Summary:This article mainly brings four kinds of Kafka network interruption and network partition scenario analysis.

This article is shared from Huawei Cloud Community “Kafka Network Interruption and Network Partition Scenario Analysis”, author: middleware brother.

Take Kafka version 2.7.1 as an example, relying on zk deployment

3 brokers are distributed in 3 az, 3 zk (joint with broker), 3 replicas in a single partition

1. The network of a single broker node and leader node is interrupted

Before network outage:

After the network between broker-1 and broker-0 (leader) is interrupted, unilateral interruption, zk is available (zk-1 is the leader, zk-0 and zk-2 are followers, zk-0 will be unavailable, but the zk cluster is available , the process may cause the broker node originally connected to zk-0 to be disconnected from zk first, and then reconnect to other zk nodes, which will cause controller switching, leader election, etc. This situation is not considered in this analysis), leader, isr, controller are unchanged

Clients in az2 cannot produce and consume (metadata indicates that the leader is broker-0, but az2 cannot connect to broker-0), clients in az1/3 can produce and consume, if acks=-1, retries=1, then production The message will fail, error_code=7 (REQUEST_TIMED_OUT) (because broker-1 is in isr, but cannot synchronize data), and it will be sent twice (because retries=1), there will be two in each of broker-0 and broker-2 Duplicate messages, but not in broker-1; because broker-0 has no synchronized data, it will be removed from isr, controller synchronize metadata and leaderAndIsr, isr updated to[2,0]

After the network is restored, the data is synchronized and the isr is updated

2. The network of a single broker node and controller node is interrupted

The disconnection between the broker and the controller does not affect production and consumption, and there will be no data inconsistency.

When the leader and isr changes, the controller cannot update the leader and isr changes to the broker, resulting in inconsistent metadata

When broker-0 fails, the controller (broker-2) senses it and elects a new leader as broker-1 according to replicas, but because of network interruption with broker-1, it cannot synchronize to broker-1, and the leader cached by broker-1 is still broker-0, isr is[1,2,0]; When the client is producing and consuming, if the metadata is obtained from broker-2, the leader is considered to be 1, and access to broker-1 will return NOT_LEADER_OR_FOLLOWER; if the metadata is obtained from broker-1, the leader is considered to be 0, and access to broker-0 fails. , will lead to the failure of production and consumption

3. The az where the non-controller nodes are located is isolated (partitioned)

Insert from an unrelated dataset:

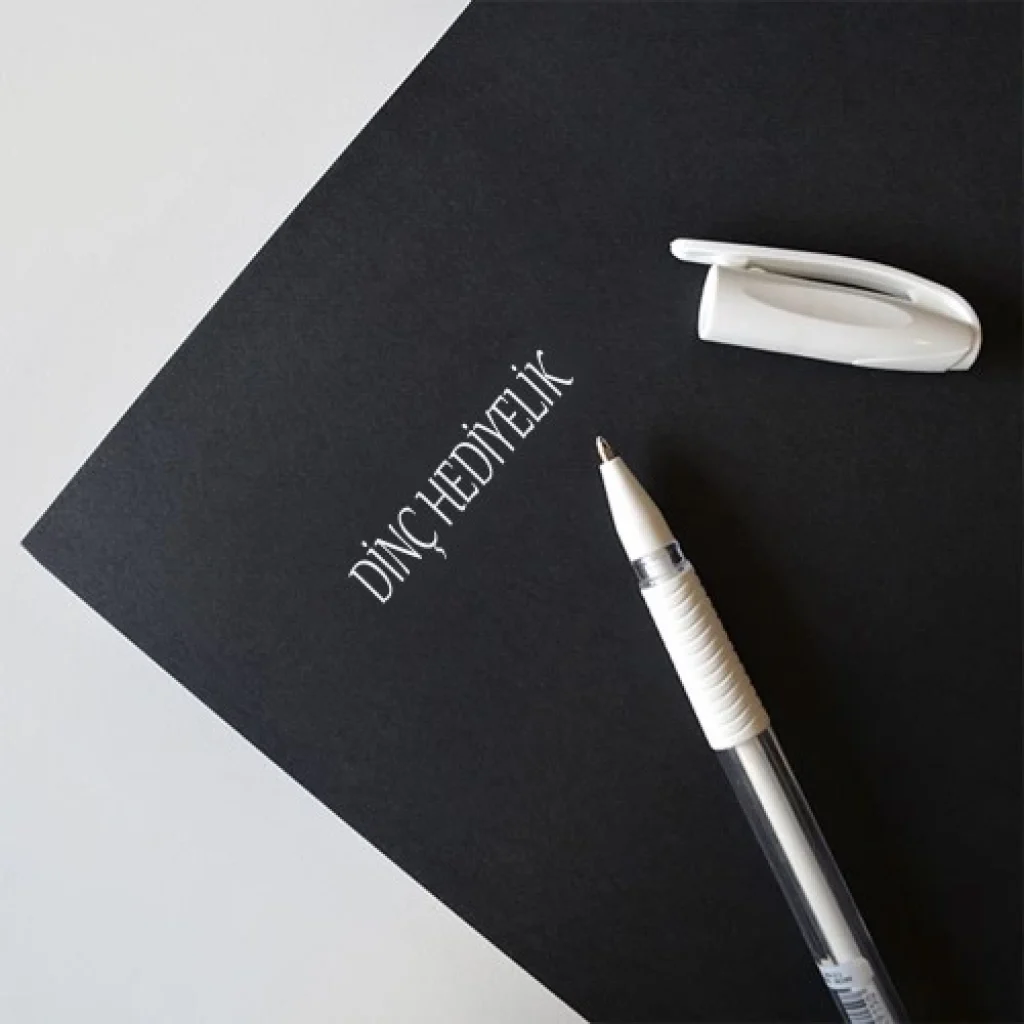 BEYAZ JEL KALEMÜrün ÖzellikleriBeyaz jel kalem, siyah yapraklı defterlerde ya da notluklarda yazı yazabilmeniz için özel olarak tasarlanmıştır. Akışkan mürekkep sayesinde mükemmel ve yumuşak bir yazım sağlar. Konforlu ve ergonomik bir tutuş sunan yuvarlak tasarımı ile rahatlıkla kullanılabilir. 1 mm elmas uçlu olan bu kalem, yazarken güvenli kapaklı bir tasarıma sahiptir. Siyah (kara) defterlerde beyaz yazı yazma deneyimi sunar.Paket İçeriği1 Adet Beyaz Jel Kalem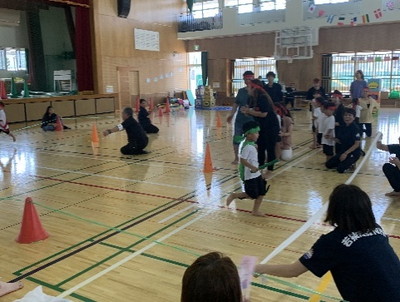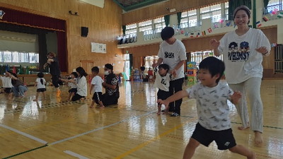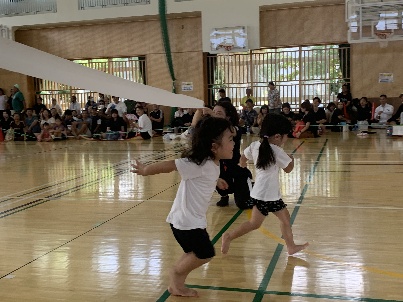 運動会では、走る・跳ぶ・踊るといった全身を使った活動を楽しみながら、園児や保護者、先生と一緒に盛り上がりました。

zk-0 does not work with zk-1 and zk-2, less than half, zk in az1 is unavailable, broker-0 cannot access zk, controller election will not occur, and the controller is still in broker-1

After the network is restored, broker-0 joins the cluster and synchronizes data

3.1 Three replica partitions (replicas:[1,0,2]), the original leader is broker-1 (or broker-2)

Inside az1:

broker-0 cannot access zk, cannot perceive node changes, and metadata is not updated (leader: 1, isr:[1,0,2]), still thinks that he is a follower, the leader is 1; the client in az1 cannot produce and consume

In az2/3:

zk is available, it senses that broker-0 is offline, metadata is updated, and no leader switch occurs (isr:[1,0,2] -> [1,2]leader: 1); clients in az2 and az3 can produce and consume normally

3.2 Three replica partitions (replicas:[0,1,2]), the original leader is at broker-0

Inside az1:

The connection between zk-0 and zk-1 and zk-2 is interrupted, less than half, the zk cluster in az1 is unavailable, the broker-0 cannot connect to zk, cannot sense node changes, and cannot update isr, metadata remains unchanged, leader and isr All remain unchanged; clients in az1 can continue to produce and consume to broker-0

In az2/3:

zk-1 and zk-2 are connected, zk is available, the cluster senses that broker-0 is offline, triggers the leader switch, broker-1 becomes the new leader (the time depends on zookeeper.session.timeout.ms), and updates isr; az2 Clients in /3 can produce and consume to broker-1

At this point, the partition has a dual-master phenomenon. Both replica-0 and replica-1 are leaders, and both can be used for production and consumption.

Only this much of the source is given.